HC Deb 27 November 1992 vol 214 cc884-5W
Mr. Burns

To ask the Chancellor of the Exchequer if he will make a statement on the outcome of the latest meeting of the European Community's Economic and Finance Council.

Mr. Lamont

The Economic and Finance Council of the European Community met in Brussels under my chairmanship on 23 November. The Paymaster General represented the United Kingdom.

A national programme for economic convergence submitted by Belgium was discussed. The Council commended Belgium's record of price and monetary stability but concluded that fiscal consolidation was the key requirement in the conduct of Belgium's economic policy. The Council therefore welcomed the multi-annual measures which the Belgian Government have set in place and their new commitment to continue to reduce their debt ratio after 1996.

The Council held a useful discussion about the future financing of the Community. Along with the United Kingdom, many member states continued to argue that the Commission's compromise proposals still involved unacceptable increases in expenditure. We also made it clear that the United Kingdom would not accept any adverse change to the abatement.

Sir Leon Brittan gave the Council a short outline of the Commission's proposals for changes in the EC legislative framework for banking supervision in the light of the Bank of Credit and Commerce International case.

Over lunch, the Council discussed the economic situation in the Community. I announced that there would be a full discussion of economic issues at the European Council and that consideration should be given to the measures which member states can take, both individually and collectively, to hasten economic recovery.

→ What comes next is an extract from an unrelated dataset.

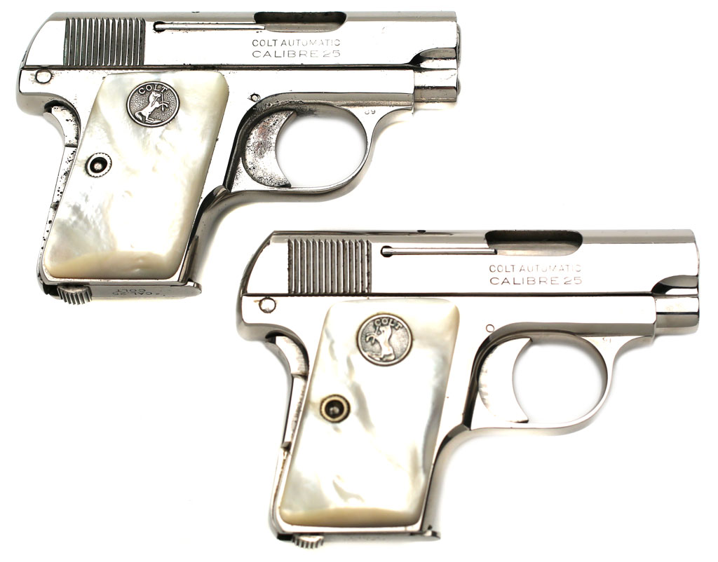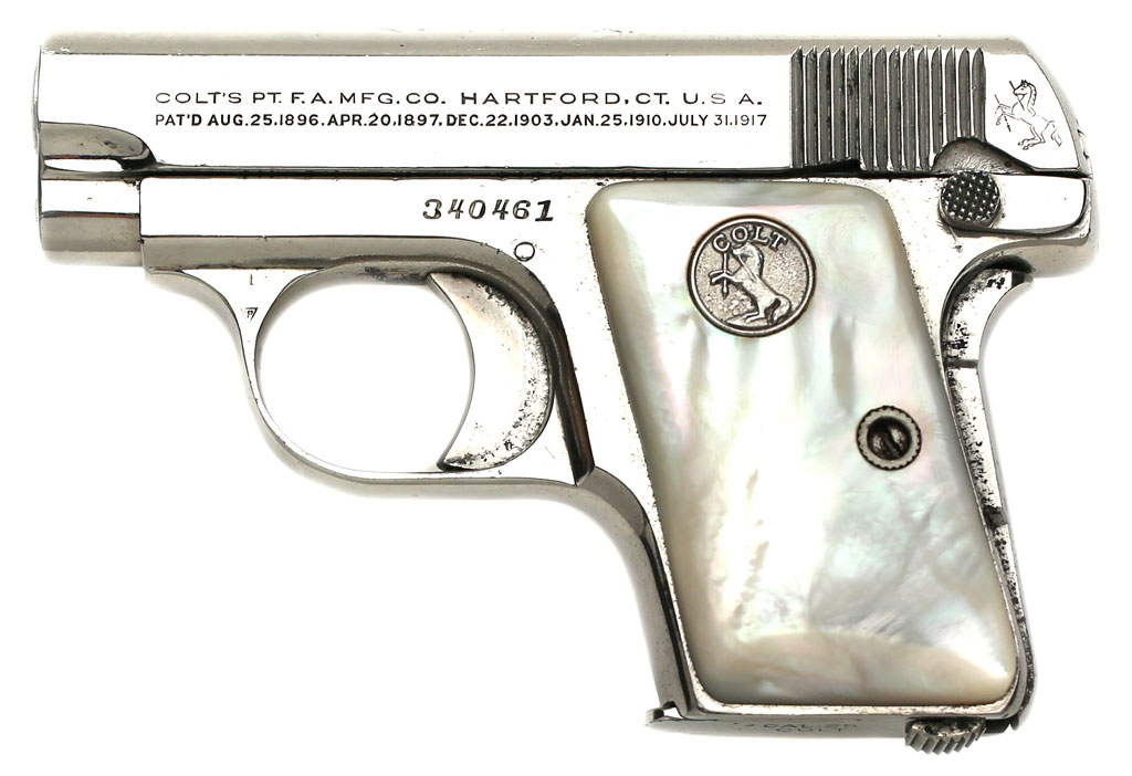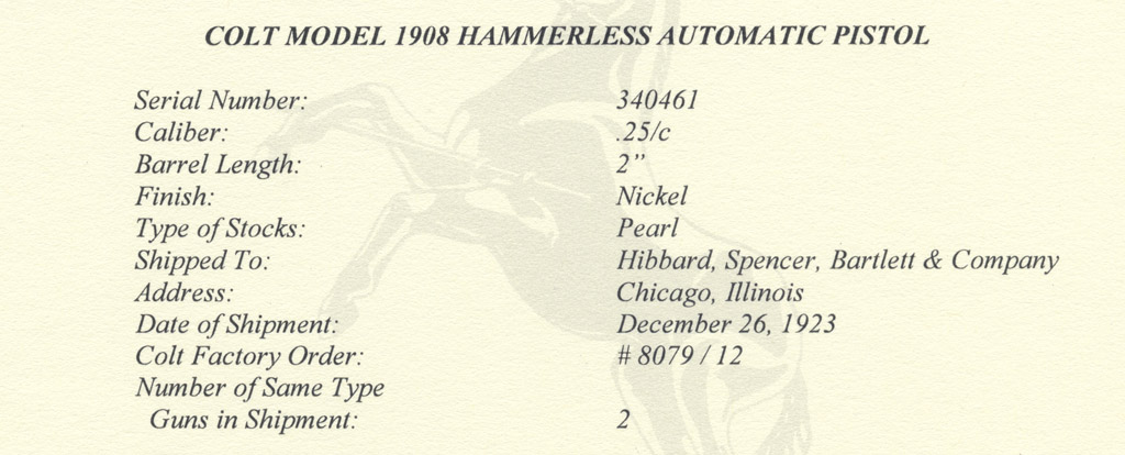 Colt 1908 Vest Pocket .25 ACP serial number 340461 - Pistol has old nickel plated refinish and factory mother of pearl stocks with early flush forward facing Colt medallions. The forward facing flush medallions were only used for a few months during production. Colt later made the decision to use the same flush medallion in both stocks, presumably to save money. Pistol letters nickel with mother of pearl stocks and was shipped to Hibbard, Spencer, Bartlett & Company on December 26, 1923 in a 2 gun shipment. Work was processed on Colt factory order #8079/12.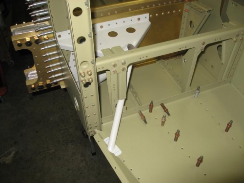 Temporarily install and set up the gear mounts for drilling to the front floors. It was quite challenging getting all the bolts in for the gear mount and there was some interefence with the edge of the holes on the bottom skins that needed some enlarging.

The Council also reached a political agreement on the investment services directive, the remaining financial services measure from the single market programme. All the Government's negotiating objectives were met concerning the outstanding issues which were discussed. The directive will offer worthwhile opportunities for the British financial services sector.

The report of the high-level group on fraud, set up at the United Kingdom's initiative, was also adopted and welcomed as containing useful proposals which would improve the effectiveness of measures to counter fraud in the Community.

Subject to reserves from Denmark and Germany, the Council also agreed to increase travellers' allowances so that travellers arriving from outside the Community will be able to bring in goods to a value of 175 ecu without incurring further tax; and that the amount for goods that tax-free shops can sell VAT free to travellers within the EC is restricted to the value of 90 ecu. Again, this was the welcome result of a United Kingdom initiative.

The excise simplification directive was also agreed subject to a German scrutiny reserve and final modifications to the text in the jurist/linguists group. Officials were urged to resolve the remaining issues for agreement in the VAT simplification directive. It was agreed that the 7th VAT directive should be discussed at the next meeting of ECOFIN on 14 December. Meanwhile the United Kingdom made it clear that we could not agree to the current proposals for VAT on works of art at import.

The taxation of road transport was also discussed as part of a package of proposals to liberalise road transport which will also be discussed at the Transport Council on 7 December. It was agreed that ECOFIN should return to this issue on 14 December.

Finally, the Council agreed, without further discussion, balance of payments loans to the Baltic states and Council conclusions on the Ruding report on corporate taxation. The latter emphasised importance of subsidiarity in this area and also identified a number of further criteria which need to be considered before any action is proposed.

These conclusions are a valuable step forward and establish an acceptable framework for future consideration of corporate tax issues in the Community.